Construction firms will also need to contend with the unique bonding and dispute provisions imposed by the Miller Act, including its strictly-construed notification requirements.8
Conclusion
The U.S. government spends upward of $750 billion annually through procurement contracts and, for companies that are positioned to win this work, it can serve as a reliable business partner.
Yet, these opportunities entail significant legal and performance risks, largely in the form of FAR and DFARS clauses. These circumstances can be particularly challenging for subcontractors, which must navigate both these flow-down clauses and the demands of a contractual intermediary. This balancing act often requires attention to detail, understanding of risk, and an appreciation of the bigger picture.

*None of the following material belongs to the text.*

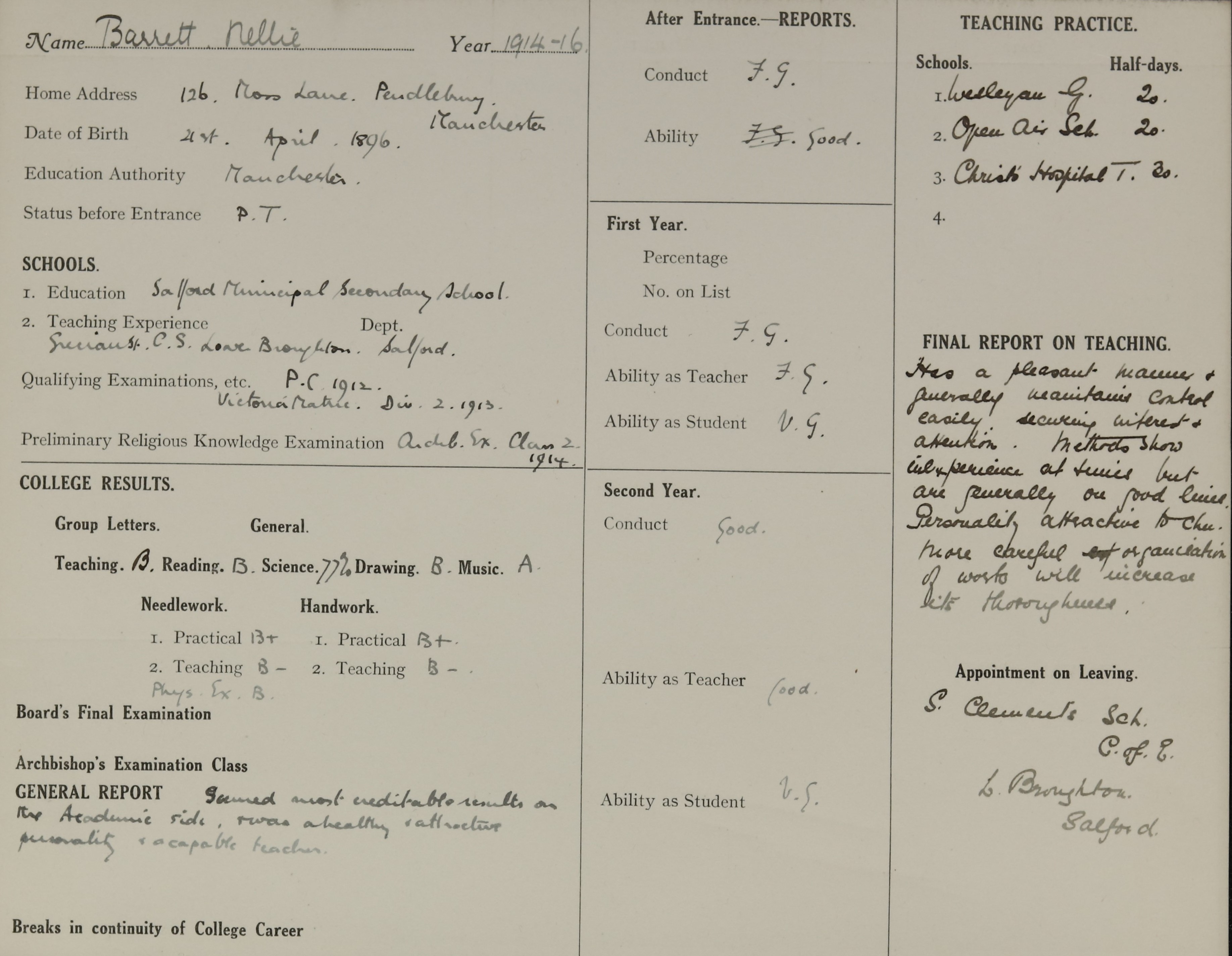 Appointed to St. Clements, C. E. Lower Broughton, Salford.

This article was originally published on the State Bar of Wisconsin’s
Construction and Public Contract Law Section Blog. Visit the State Bar
sections or the
Construction and Public Contract Law Section web pages to learn more about the benefits of section membership.
Endnotes
1 Individual federal agencies have FAR “supplements” with agency-specific contract clauses, most notably the Department of Defense’s Defense Federal Acquisition Regulation Supplement (DFARS).
2
FAR clauses are available
on the acquisition.gov website. When flowing down FAR clauses, the prime contractor will typically note that, for purposes of interpreting the clause, the prime is to serve as the “Government” and the subcontractor as the “Contractor.”
3 See FAR 52.244-6, Subcontracts for Commercial Products and Commercial Services (Nov. 2024) (providing a streamlined list of 24 FAR clauses that should be flowed down to commercial subcontractors, but permitting the flow down of a “minimal number of additional clauses necessary to satisfy [the prime’s] contractual obligations”).
4 See DFARS 252.244-7000, Subcontracts for Commercial Products or Commercial Services (Nov. 2023).
5See U.S. Department of Justice press release "The Pennsylvania State University Agrees to Pay $1.25M to Resolve False Claims Act Allegations Relating to Non-Compliance with Contractual Cybersecurity Requirements," Oct. 22, 2024.
6 FAR 52.243-4, Changes (June 2007).
7 See FAR 52.233-1, Disputes (May 2014).
8 See 40 U.S.C. §§ 3131-34; FAR Subpart 28.102.